While it is not my place to tell MSF how to conduct its affairs, I would say that their internal plurality of opinion is not necessarily a virtue: if they cannot agree on certain matters of principle about bearing witness, then the wise option might be simply to refrain, as ICRC do. At any rate, some of their internal philosophical debate strikes this reader as unhelpfully verbose and analytically unclear. More specifically relating to Syria, it is reasonable to believe that the geopolitics of the region and the machinations of its various protagonists are as complex and challenging, in their way, as are the medical emergencies in a war zone. Even the most judicious political analyst would not be much use in dealing with the latter. The people in MSF offices might reflect on whether the converse does not also apply.

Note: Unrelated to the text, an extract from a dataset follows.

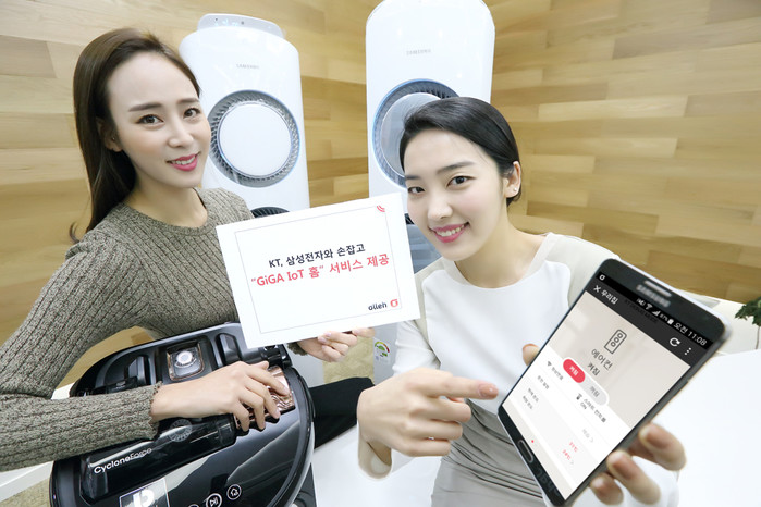 20일 KT에 따르면 이번 협력 사업을 통해 삼성전자는 스마트 가전의 제어·연동 기술을 지원하고, KT는 이 기술을 활용한 기가 IoT 홈 서비스를 제공한다. 이를 위해 양사가 보유한 플랫폼(KT의 기가 IoT 홈 플랫폼, 삼성전자의 가전 서버)을 연동, 이용자의 가정 내 와이파이(WiFi) 연결로 공유기(AP)를 통한 호환이 가능하도록 개발을 완료했다.

We are not in a position to know if Syria or Russia should answer any charges in respect of the conduct of war. We do know that their enemies must, and, more crucially, that they face the more fundamental charge of having attacked Syria and its people without just cause.
I find a rather bitter irony in the MSF position that they distinguish themselves from the ICRC in not being willing to patch up victims simply in order to make possible further harm to them; for that could be said to be what they are doing by wishing that a sovereign people should not use full lethal force against merciless invaders on its soil.